[ACTIVITY]
No pictures belong in the copy. Retype exactly, and only, the stretch of lines below from the one with "But First, Coffee" through the one with "- [90-Min Runtime".

[EXTRACTED DATA]
□ □ □ □
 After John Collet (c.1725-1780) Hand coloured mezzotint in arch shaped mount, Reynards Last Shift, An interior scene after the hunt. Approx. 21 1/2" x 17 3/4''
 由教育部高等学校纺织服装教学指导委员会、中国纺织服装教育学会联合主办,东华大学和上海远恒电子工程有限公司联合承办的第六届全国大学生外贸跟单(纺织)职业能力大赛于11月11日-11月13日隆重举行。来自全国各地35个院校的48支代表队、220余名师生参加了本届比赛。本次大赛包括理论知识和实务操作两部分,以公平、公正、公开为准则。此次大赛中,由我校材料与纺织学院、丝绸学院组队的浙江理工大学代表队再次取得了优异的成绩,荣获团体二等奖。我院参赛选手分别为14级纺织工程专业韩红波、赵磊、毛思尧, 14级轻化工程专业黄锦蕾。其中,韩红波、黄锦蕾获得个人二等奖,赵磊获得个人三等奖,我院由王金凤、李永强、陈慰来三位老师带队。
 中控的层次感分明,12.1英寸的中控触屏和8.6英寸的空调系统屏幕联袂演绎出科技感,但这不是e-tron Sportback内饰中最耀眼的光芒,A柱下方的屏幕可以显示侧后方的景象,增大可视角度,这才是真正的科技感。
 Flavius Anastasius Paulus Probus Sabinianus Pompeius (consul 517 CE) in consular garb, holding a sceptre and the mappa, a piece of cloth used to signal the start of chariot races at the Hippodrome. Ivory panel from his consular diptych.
□ □ □ □
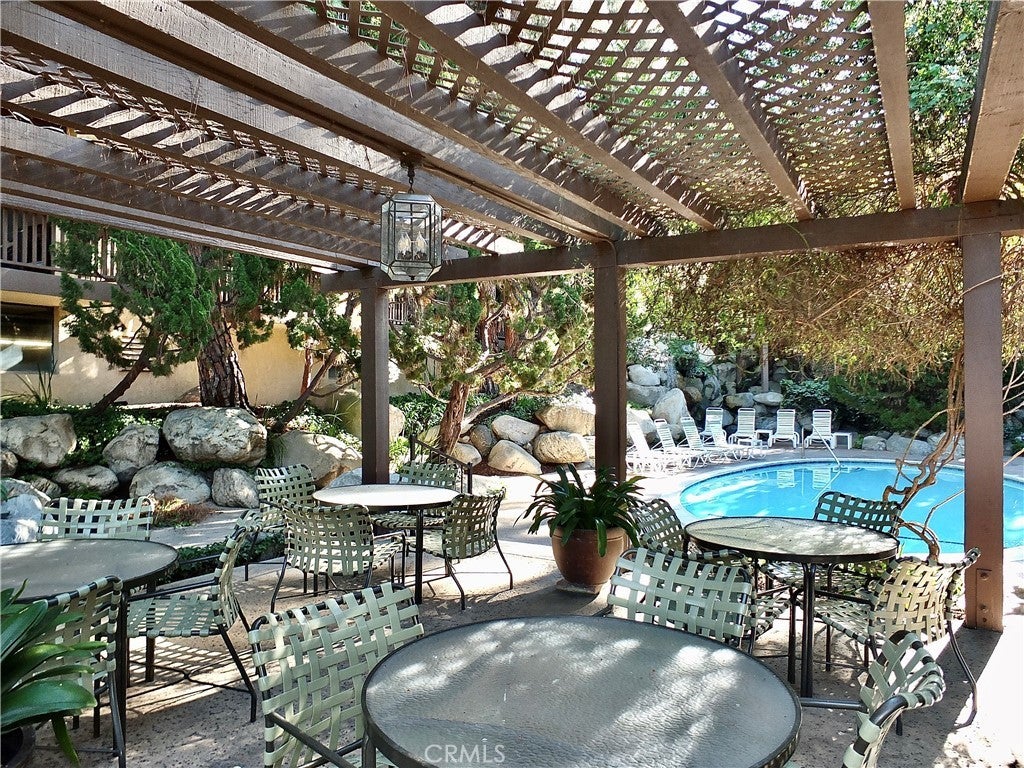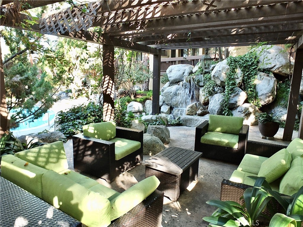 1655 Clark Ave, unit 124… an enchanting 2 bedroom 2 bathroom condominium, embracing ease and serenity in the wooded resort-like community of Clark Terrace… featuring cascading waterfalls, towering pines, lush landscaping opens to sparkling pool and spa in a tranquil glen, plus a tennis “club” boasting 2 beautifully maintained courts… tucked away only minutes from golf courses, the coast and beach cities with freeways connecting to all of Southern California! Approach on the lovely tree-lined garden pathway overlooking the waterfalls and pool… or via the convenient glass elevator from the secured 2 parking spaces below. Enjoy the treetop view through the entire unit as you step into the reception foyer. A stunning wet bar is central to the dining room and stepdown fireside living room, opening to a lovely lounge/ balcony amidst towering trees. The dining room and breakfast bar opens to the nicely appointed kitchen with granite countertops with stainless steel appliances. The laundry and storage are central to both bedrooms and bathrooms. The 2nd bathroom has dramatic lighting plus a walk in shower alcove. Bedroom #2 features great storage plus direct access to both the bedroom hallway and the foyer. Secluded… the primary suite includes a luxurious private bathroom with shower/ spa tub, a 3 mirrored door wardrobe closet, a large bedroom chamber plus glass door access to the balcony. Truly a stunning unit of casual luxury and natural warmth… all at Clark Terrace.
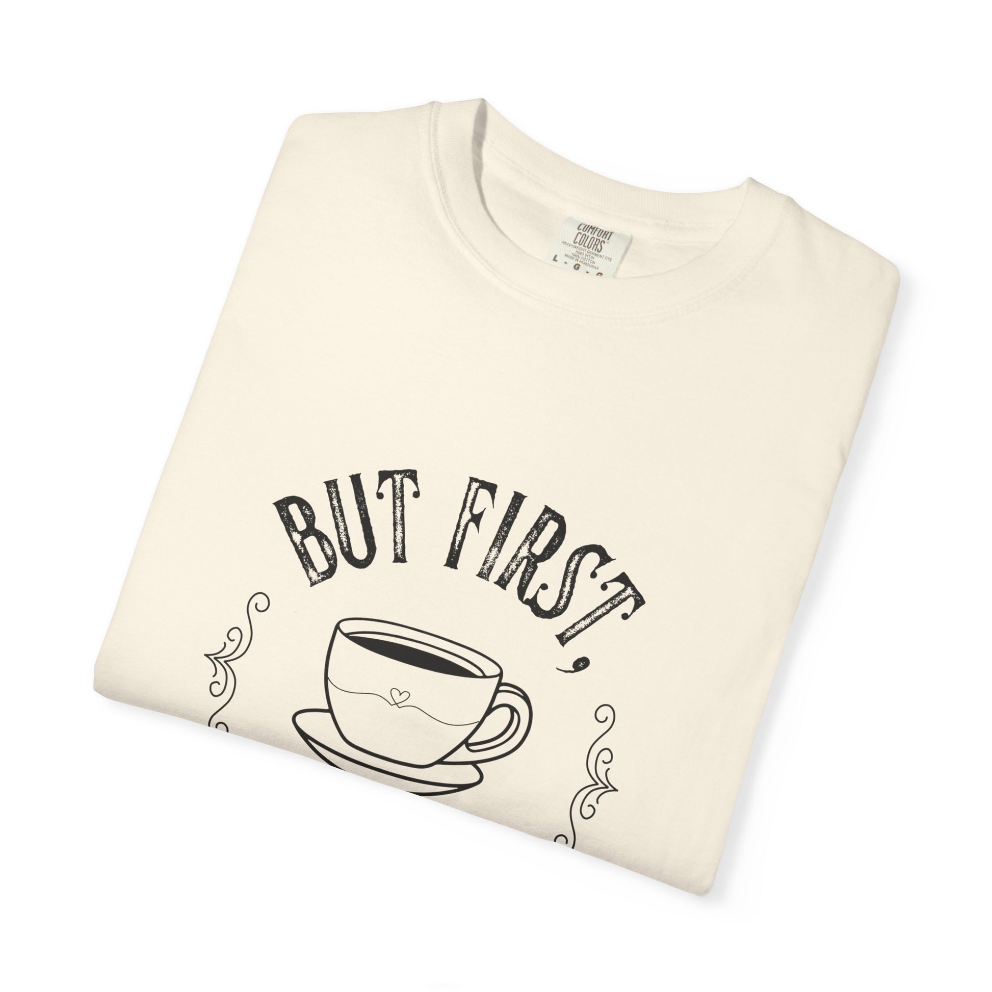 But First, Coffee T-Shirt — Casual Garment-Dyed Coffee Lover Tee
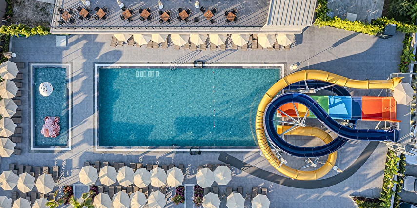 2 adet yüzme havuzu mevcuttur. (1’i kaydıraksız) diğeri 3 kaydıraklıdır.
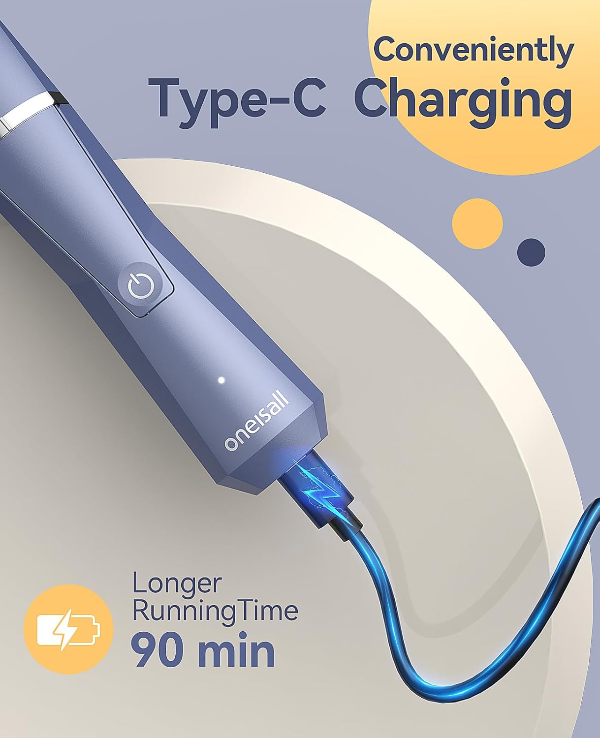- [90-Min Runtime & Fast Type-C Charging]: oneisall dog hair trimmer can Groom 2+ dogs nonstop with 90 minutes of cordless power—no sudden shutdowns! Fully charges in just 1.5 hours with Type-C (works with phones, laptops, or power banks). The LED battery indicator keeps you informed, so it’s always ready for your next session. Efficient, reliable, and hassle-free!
□ □ □ □
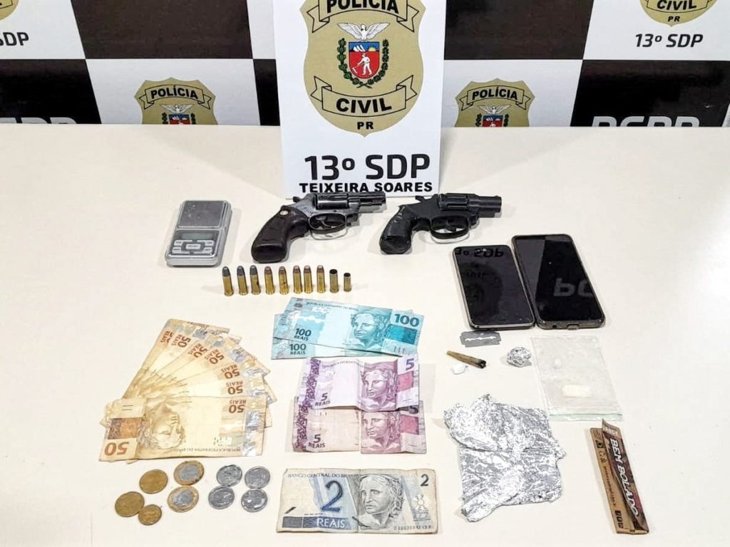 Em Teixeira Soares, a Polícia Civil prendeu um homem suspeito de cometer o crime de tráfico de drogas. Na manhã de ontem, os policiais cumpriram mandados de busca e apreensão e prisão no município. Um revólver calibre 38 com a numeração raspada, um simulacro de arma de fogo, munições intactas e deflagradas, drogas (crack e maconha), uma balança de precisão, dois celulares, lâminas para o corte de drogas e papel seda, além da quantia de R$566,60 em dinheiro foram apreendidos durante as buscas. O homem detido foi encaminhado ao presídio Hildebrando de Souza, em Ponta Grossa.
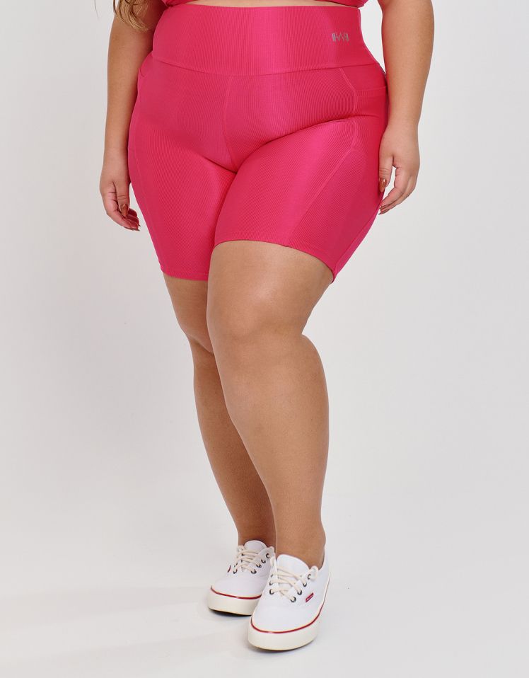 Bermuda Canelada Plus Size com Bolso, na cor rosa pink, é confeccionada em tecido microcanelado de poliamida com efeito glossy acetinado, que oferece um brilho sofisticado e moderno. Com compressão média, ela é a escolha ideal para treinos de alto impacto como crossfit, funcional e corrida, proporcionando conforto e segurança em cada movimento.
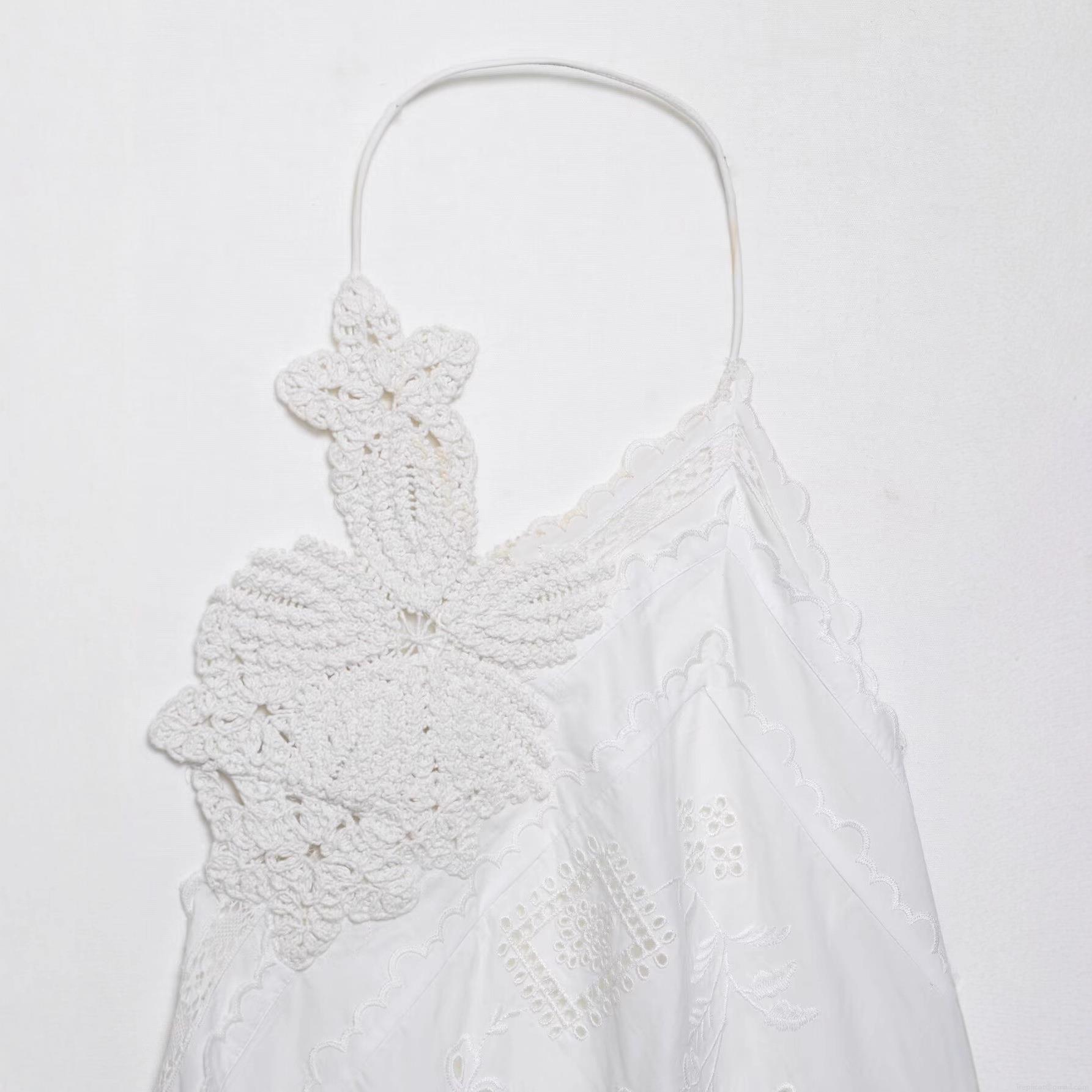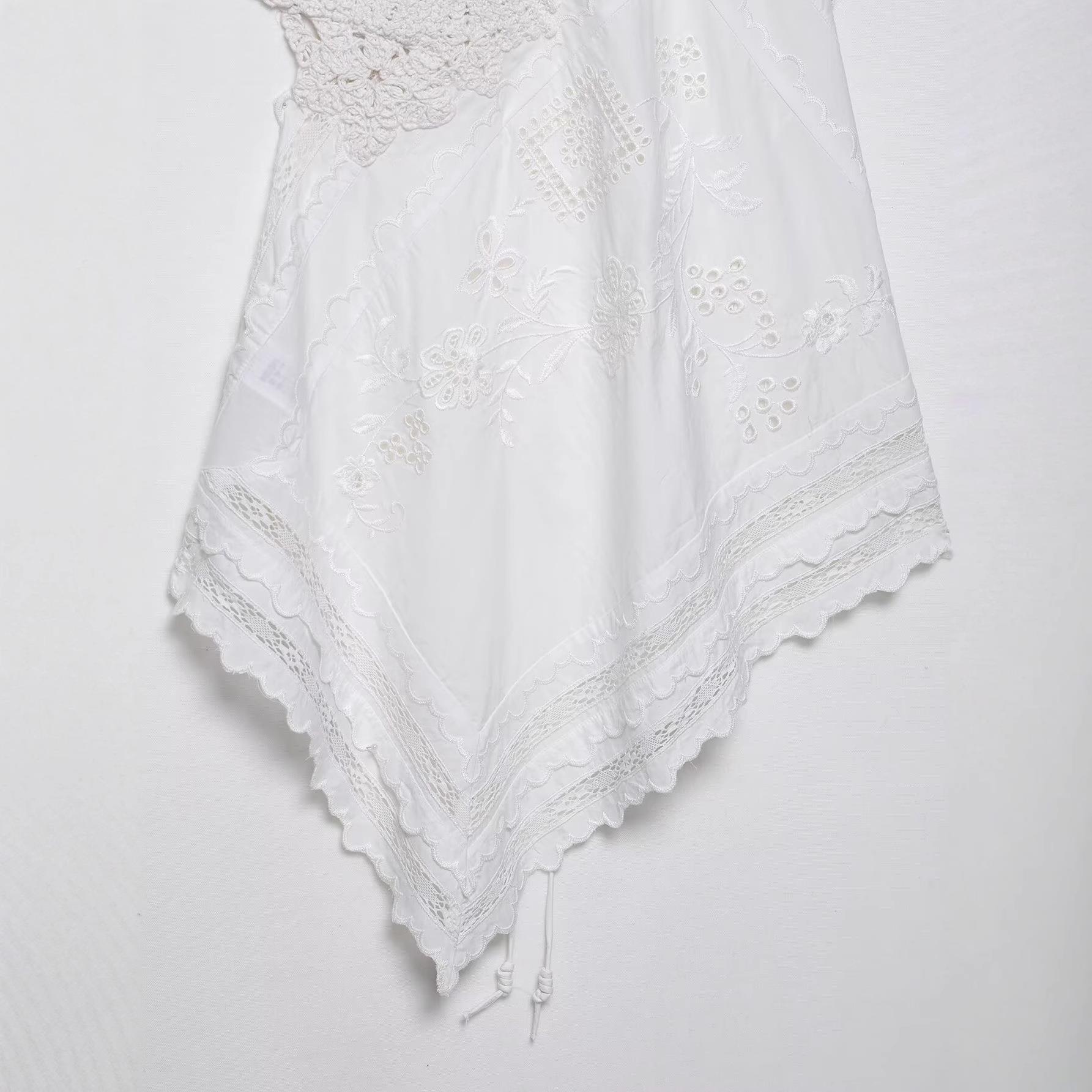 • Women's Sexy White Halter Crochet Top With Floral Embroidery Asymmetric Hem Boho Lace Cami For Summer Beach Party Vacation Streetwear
□ □ □ □
[COMPLETED EXERCISE]
 But First, Coffee T-Shirt — Casual Garment-Dyed Coffee Lover Tee
 2 adet yüzme havuzu mevcuttur. (1’i kaydıraksız) diğeri 3 kaydıraklıdır.
- [90-Min Runtime & Fast Type-C Charging]: oneisall dog hair trimmer can Groom 2+ dogs nonstop with 90 minutes of cordless power—no sudden shutdowns! Fully charges in just 1.5 hours with Type-C (works with phones, laptops, or power banks). The LED battery indicator keeps you informed, so it’s always ready for your next session. Efficient, reliable, and hassle-free!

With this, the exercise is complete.